During the time limits set by the sponsors of the study, we recruited and examined 134 patients. No adverse effects of SonoVue occurred. After exclusions, 89 patients remained for qualitative analysis, and 72 remained for quantitative analysis (Figure 4). Because there were only two multilocular cysts these were excluded to obtain a homogeneous study group. The demographic background data, the results of pattern recognition and the histopathology for the patients included and excluded are shown in Table 1. The difference in results of pattern recognition between patients included (n = 89) and excluded (n = 45) for qualitative analysis was statistically significant, with fewer tumors being suspected to be malignant in the excluded group (P = 0.0004). The same was true of the difference in results of pattern recognition between patients included for quantitative analysis, i.e. time–intensity curve analysis (n = 72) and those excluded (n = 45) (P < 0.0001). There were no other statistically significant differences between the tumors included and excluded. Of the 89 tumors used for qualitative analysis, 27 (30%) were invasively malignant at pathological examination and 10 (11%) were borderline malignant. Of the 72 cases used for time–intensity curve analysis, 26 (36%) were invasively malignant and nine (13%) were borderline malignant.

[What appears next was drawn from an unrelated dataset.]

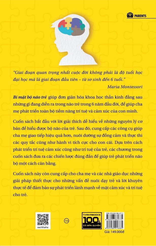 BÍ MẬT BỘ NÃO TRẺ - Álvaro Bilbao - Song Hạo dịch (bìa mềm) - Giá bìa: 149.000đ Sự thật là chúng ta biết rất nhiều điều về bộ não và những điều đó có thể giúp ích cho cha mẹ, nhưng đáng tiếc là họ lại không hề hay biết. Tác giả muốn giúp bạn hiểu cách thức bạn có thể tác động tích cực đến sự phát triển bộ não của con. Hàng trăm nghiên cứu chỉ ra rằng bộ não có khả năng linh hoạt rất lớn và những bậc cha mẹ áp dụng các chiến lược đúng đắn có thể giúp con mình phát triển não bộ một cách cân bằng. Đây là lý do tại sao tôi tập hợp các nguyên lý cơ bản, công cụ và kỹ thuật giúp bạn trở thành người có ảnh hưởng nhất tới sự phát triển trí tuệ và cảm xúc của con. Với những nguyên lý, công cụ và kỹ thuật này, bạn sẽ không chỉ giúp trẻ phát triển tốt các kỹ năng trí tuệ và cảm xúc mà còn góp phần ngăn ngừa những khó khăn trong quá trình phát triển của trẻ, chẳng hạn như thiếu tập trung, trầm cảm hoặc các vấn đề về hành vi. Khẳng định rằng kiến thức cơ bản về cách bộ não của trẻ phát triển và tự vận hành sẽ giúp ích rất nhiều cho những bậc cha mẹ muốn tận dụng chúng. Tin rằng những kiến thức, chiến lược và kinh nghiệm mà bạn tìm thấy dưới đây sẽ góp phần biến công việc làm cha mẹ của bạn thành một trải nghiệm vô cùng thỏa mãn. Bí mật bộ não trẻ giúp đơn giản hóa khoa học thần kinh đằng sau những gì đang diễn ra trong não trẻ trong 6 năm đầu đời, giúp cha mẹ phát triển toàn bộ tiềm năng trí tuệ và cảm xúc của con mình. Cuốn sách bắt đầu với lời giải thích dễ hiểu về những nguyên lý cơ bản để hiểu được bộ não của trẻ. Sau đó, cung cấp các công cụ giúp cha mẹ giao tiếp hiệu quả hơn, nuôi dưỡng sự đồng cảm và thực thi các quy tắc cũng như hành vi tích cực cho con cái. Dựa trên cách phát triển trí tuệ cảm xúc cũng như trí tuệ của trẻ, các chương trong cuốn sách đưa ra các chiến lược đúng đắn có thể giúp trẻ phát triển não bộ một cách cân bằng. Cuốn sách dành cho những nhà giáo dục, các thầy cô giáo, nhà tâm lý học gia đình và người quan tâm và nghiên cứu về giáo dục trẻ em và dành cho các bậc cha mẹ quan tâm tới hành vi, tâm lý và sự phát triển lành mạnh của con cái Cuốn sách này còn cung cấp cho cha mẹ và các nhà giáo dục những giải pháp thiết thực cho những vấn đề nuôi dạy trẻ và lời khuyên thực tế để đảm bảo sự phát triển lành mạnh về mặt cảm xúc và trí tuệ cho trẻ.  MỤC LỤC: Lời cảm ơn Lời giới thiệu PHẦN I: CÁC NGUYÊN LÝ CƠ BẢN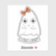 Ist das Süßigkeiten? Halloween niedliches Geistermädchen auf einem Sonderschnitt-Aufkleber.

|Parameter||Patients included for qualitative analysis (n = 89)||Patients included for quantitative analysis (n = 72)||Patients excluded (n = 45)|
|Age (years, mean (range))||50 (22–85)||52 (22–85)||52 (17–85)|
|Nulliparous||27 (30)||19 (26)||13 (29)|
|Postmenopausal||47 (53)||44 (61)||27 (60)|
|Hormonal therapy*||12 (13)||8 (11)||5 (11)|
|At least one first-degree relative with ovarian cancer||3 (3)||3 (4)||1 (2)|
|At least one first-degree relative with breast cancer||12 (13)||10 (14)||7 (16)|
|Personal history of ovarian cancer||2 (2)||2 (3)||2 (4)|
|Personal history of breast cancer||6 (7)||6 (8)||0|
|Results of pattern recognition|
|Benign||8 (9)||6 (8)||12 (27)|
|Probably benign||23 (26)||14 (19)||20 (44)|
|Uncertain||29 (33)||25 (35)||6 (13)|
|Malignant||29 (33)||27 (38)||6 (13)|
|Not assessable||0||0||1 (2)†|
|Benign tumors||52 (58)||37 (51)||21 (47)|
|Cystadenoma/cystadenofibroma||22 (25)||18 (25)||8 (18)|
|Endometrioma||11 (12)||6 (8)||0|
|Simple cyst||4 (4)||4 (6)||1 (2)|
|Dermoid||6 (7)||2 (3)||0|
|Ovarian fibroma||7 (8)||7 (10)||0|
|Functional cyst||2 (2)||0||6 (13)|
|Specific diagnosis not reported||0||0||6 (13)|
|Borderline tumors||10 (11)||9 (13)||2 (4)|
|Serous type, Stage I||7 (8)||6 (8)||2 (4)|
|Serous type, Stage II–III||3 (3)||3 (4)||0|
|Malignant tumors||27 (30)||26 (36)||4 (9)|
|Epithelial invasive ovarian carcinoma, Stage I||5 (6)||5 (7)||1 (2)|
|Epithelial invasive ovarian carcinoma, Stage III–IV||12 (13)||12 (17)||1 (2)|
|Non-epithelial ovarian malignant tumor||3 (3)||3 (4)||1 (2)|
|Tubal carcinoma||3 (3)||3 (4)||0|
|Metastatic ovarian carcinoma||4 (4)‡||3 (4)§||1 (2)|
|No surgery||0||0||18 (40)|
The most important results of gray-scale, power Doppler analysis and qualitative contrast examination are shown in Table 2 (for detailed results see Table S1). Most gray-scale ultrasound features differed significantly between benign, borderline and malignant tumors. Papillary projections were more frequently detected in benign (69%) and borderline tumors (80%) than in invasively malignant tumors (26%), while a purely solid mass was more often observed in invasively malignant tumors (44%) than in benign (17%) and borderline tumors (10%). Power Doppler results differed too, the detection rate of Doppler signals in papillary projections being lower in benign (31%) than in borderline (75%) and malignant tumors (100%) and the color scores in papillary projections and in solid tissue other than papillary projections were higher in malignant tumors than in benign tumors and borderline tumors (see Table S1). The detection rate of power Doppler signals in any solid component (papillary projection or other) was also lower in benign (46%) than in borderline (80%) and malignant tumors (100%), and the color score for any solid component was higher in malignant than in benign and borderline tumors (Table S1). Contrast scores also differed between the three groups of tumor, the detection rate of contrast signals in any solid component being higher in invasively malignant (100%) and borderline tumors (100%) than in benign tumors (58%), and the finding of a high contrast score in any solid component was more common in invasively malignant tumors (high contrast score in 85%) than in borderline tumors (high contrast score in 30%) and in benign tumors (high contrast score in 15%).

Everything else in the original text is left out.